Text2midi: Generating Symbolic Music from Captions

Keshav Bhandari, Abhinaba Roy, Kyra Wang, Geeta Puri, Simon Colton, Dorien Herremans


[Paper on ArXiv]    [Code on GitHub]    [Demo]    [Model]    [Dataset]


Abstract

This paper introduces text2midi, an end-to-end model to generate MIDI files from textual descriptions. Leveraging the growing popularity of multimodal generative approaches, text2midi capitalizes on the extensive availability of textual data and the success of large language models (LLMs). Our end-to-end system harnesses the power of LLMs to generate symbolic music in the form of MIDI files. Specifically, we utilize a pretrained LLM encoder to process captions, which then condition an autoregressive transformer decoder to produce MIDI sequences that accurately reflect the provided descriptions. This intuitive and user-friendly method significantly streamlines the music creation process by allowing users to generate music pieces using text prompts. We conduct comprehensive empirical evaluations, incorporating both automated and human studies, that show our model generates MIDI files of high quality that are indeed controllable by text captions that may include music theory terms such as chords, keys, and tempo. We release the code and music samples on our demo page (this https URL) for users to interact with text2midi.


Highlights:

  • Generates midi files from rich text inputs, including music terms like chord and key names.
  • First end-to-end trained text-to-midi model
  • Fully open source - please take the model and improve / build upon it!

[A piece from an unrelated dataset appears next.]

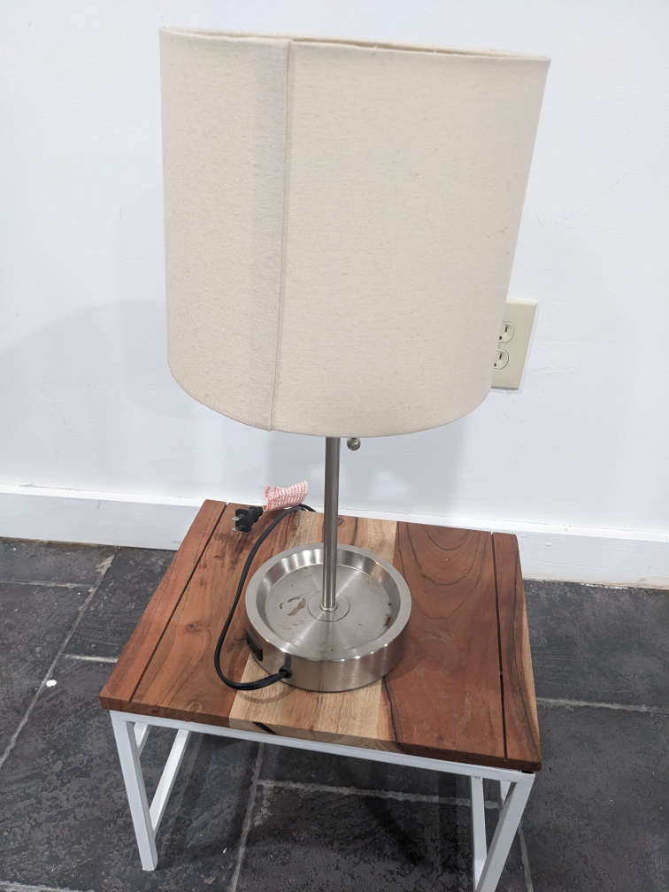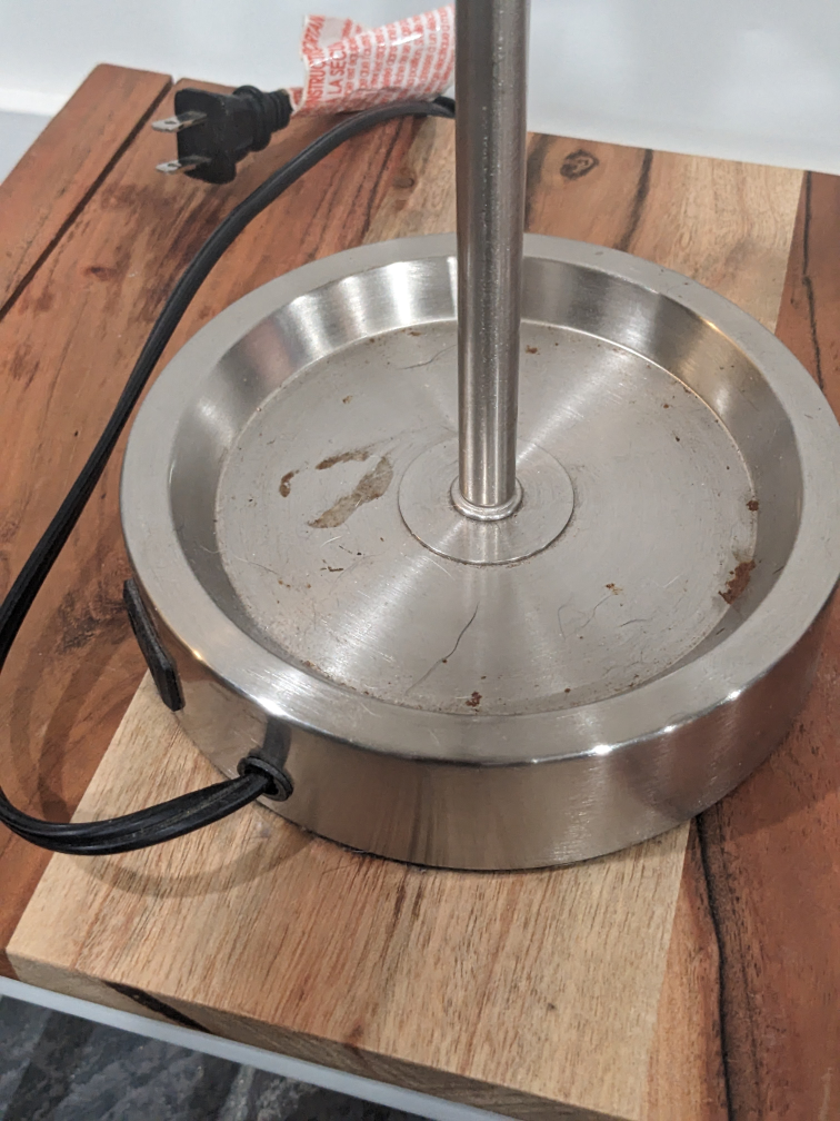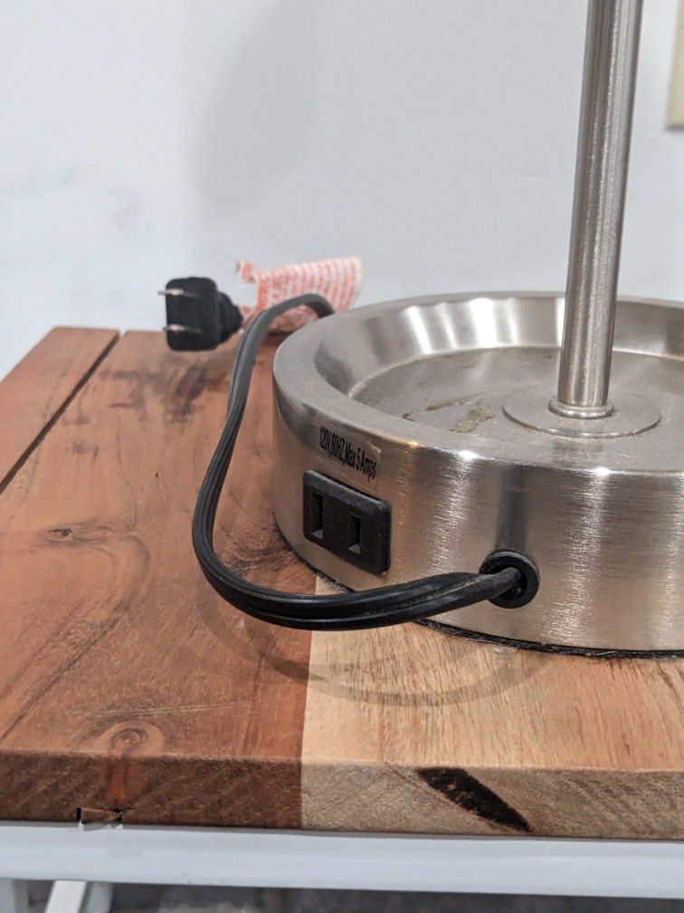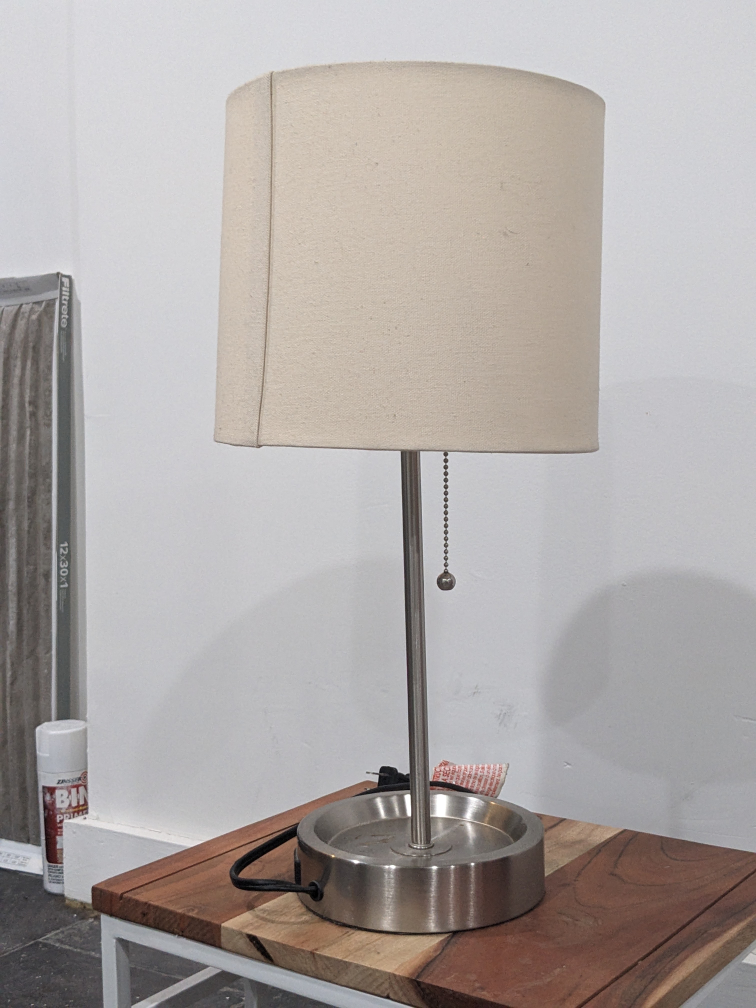 6119" high, has an outlet on the side, nice cream-colored canvas lamp shade

Text2music generated samples:

The models were provided with the below input text prompts to generate the midi files.
A sad pop song with a strong piano presence.
A rock song with strong drums and electric guitar. The tempo is very fast.
A soft love song on piano.
An energetic and melodic electronic trance track with a space and retro vibe, featuring drums, distortion guitar, flute, synth bass, and slap bass. Set in A minor with a fast tempo of 138 BPM, the song maintains a 4/4 time signature throughout its duration.
A cheerful christmas song suitable for children.
This short electronic song in C minor features a brass section, string ensemble, tenor saxophone, clean electric guitar, and slap bass, creating a melodic and slightly dark atmosphere. With a tempo of 124 BPM (Allegro) and a 4/4 time signature, the track incorporates a chord progression of C7/E, Eb6, and Bbm6, adding a touch of corporate and motivational vibes to the overall composition.
A heavy metal song with strong drums and guitar.